Excerpts from a dataset:
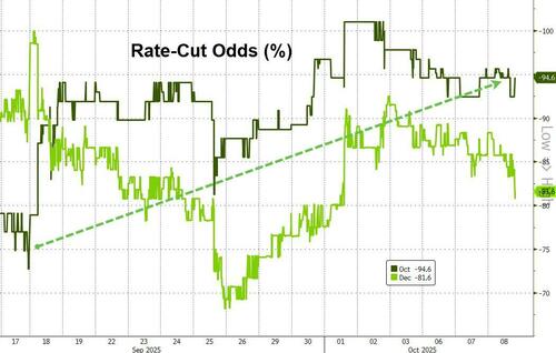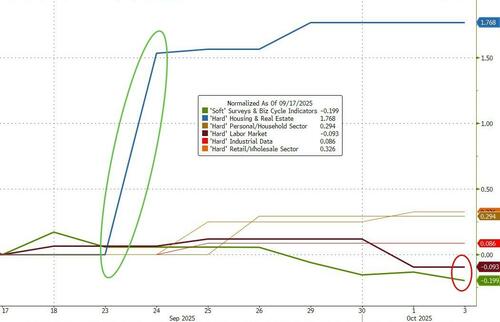 Despite the lack of data (due to the government shutdown), the labor market is cooling, and now policymakers are turning their attention to that side of the mandate (though we note that housing data saw a huge upside surprise while soft survey data since the FOMC meeting has weakened)…
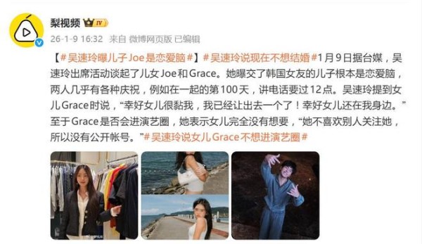 据吴速玲透露,Joe对这段恋情投入度堪称“韩剧级别”。小情侣的日常充满了仪式感:不仅要庆祝在一起的第100天、三个月纪念日,连每日通话都要坚持到午夜12点过后。这种“讲电话要过12点”的执着,让吴速玲都忍不住幽默吐槽,儿子因为恋爱陪伴妈妈的时间变少了,简直是“有了女友就没了娘”。不过她也坦言,这就是Joe真诚热烈的性格体现,并非盲目。
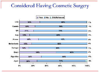 50% das brasileiras relataram que consideraram realizar procedimentos estéticos e 7% reportaram já ter realizado algum tipo de cirurgia estética, a maior porcentagem dentre todos os dez países estudados, como mostra o gráfico (18):
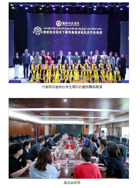 26日上午,代表团来到东校区音乐楼演艺厅,观看我校课程思政理念下藏族舞蹈课程实践成果展演。PA电子舞蹈教师王铁简要介绍了课程思政理念下藏族舞蹈课程的教学理念以及人才培养模式等方面的情况。随后,在悠扬绵长的民族音乐中,我校舞蹈学专业学生用曼妙灵动的优美舞姿,将生活、文化、教育元素融于一体,精彩演绎了课程中的6个教学训练内容,生动诠释了对藏族优秀传统文化的深入理解。舞蹈节目体现了鲜明的民族性、训练性、艺术性,极具艺术感染力,赢得现场阵阵热烈的掌声。
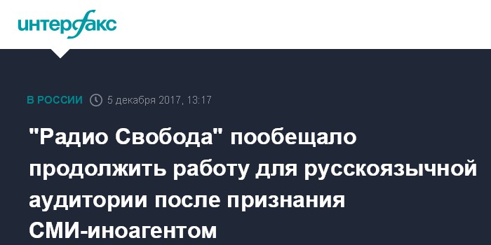 Москва. 5 декабря. INTERFAX.RU - Президент "Радио Свободная Европа/Радио Свобода" Том Кент заявил, что, несмотря на включение проектов корпорации в список СМИ - иностранных агентов в России, они продолжат журналистскую работу в интересах русскоязычной аудитории.
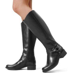 Women's Polyurethane Black Buckle Side Zipper Squared Toe Knee High Riding Boots
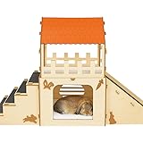 OtterPets Extra Large Bunny Hideout, Cozy Rabbit Castle with Fleece Mats, Wooden Rabbit Hideout, Bunny House Indoor Indoor, Chinchilla, Guinea Pig House (Pet Safe Wood Joints)
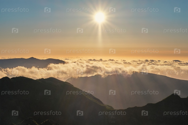 Вид с воздуха на горы возле Пико Руиву, Мадейра, Португалия

* [DIRECTIONS FOR THIS TASK] Please hand back every entry above exactly, with no images in the copy.

* [TASK ANSWER]
 Despite the lack of data (due to the government shutdown), the labor market is cooling, and now policymakers are turning their attention to that side of the mandate (though we note that housing data saw a huge upside surprise while soft survey data since the FOMC meeting has weakened)…
 据吴速玲透露,Joe对这段恋情投入度堪称“韩剧级别”。小情侣的日常充满了仪式感:不仅要庆祝在一起的第100天、三个月纪念日,连每日通话都要坚持到午夜12点过后。这种“讲电话要过12点”的执着,让吴速玲都忍不住幽默吐槽,儿子因为恋爱陪伴妈妈的时间变少了,简直是“有了女友就没了娘”。不过她也坦言,这就是Joe真诚热烈的性格体现,并非盲目。
 50% das brasileiras relataram que consideraram realizar procedimentos estéticos e 7% reportaram já ter realizado algum tipo de cirurgia estética, a maior porcentagem dentre todos os dez países estudados, como mostra o gráfico (18):
 26日上午,代表团来到东校区音乐楼演艺厅,观看我校课程思政理念下藏族舞蹈课程实践成果展演。PA电子舞蹈教师王铁简要介绍了课程思政理念下藏族舞蹈课程的教学理念以及人才培养模式等方面的情况。随后,在悠扬绵长的民族音乐中,我校舞蹈学专业学生用曼妙灵动的优美舞姿,将生活、文化、教育元素融于一体,精彩演绎了课程中的6个教学训练内容,生动诠释了对藏族优秀传统文化的深入理解。舞蹈节目体现了鲜明的民族性、训练性、艺术性,极具艺术感染力,赢得现场阵阵热烈的掌声。
 Москва. 5 декабря. INTERFAX.RU - Президент "Радио Свободная Европа/Радио Свобода" Том Кент заявил, что, несмотря на включение проектов корпорации в список СМИ - иностранных агентов в России, они продолжат журналистскую работу в интересах русскоязычной аудитории.
 Women's Polyurethane Black Buckle Side Zipper Squared Toe Knee High Riding Boots
 OtterPets Extra Large Bunny Hideout, Cozy Rabbit Castle with Fleece Mats, Wooden Rabbit Hideout, Bunny House Indoor Indoor, Chinchilla, Guinea Pig House (Pet Safe Wood Joints)
 Вид с воздуха на горы возле Пико Руиву, Мадейра, Португалия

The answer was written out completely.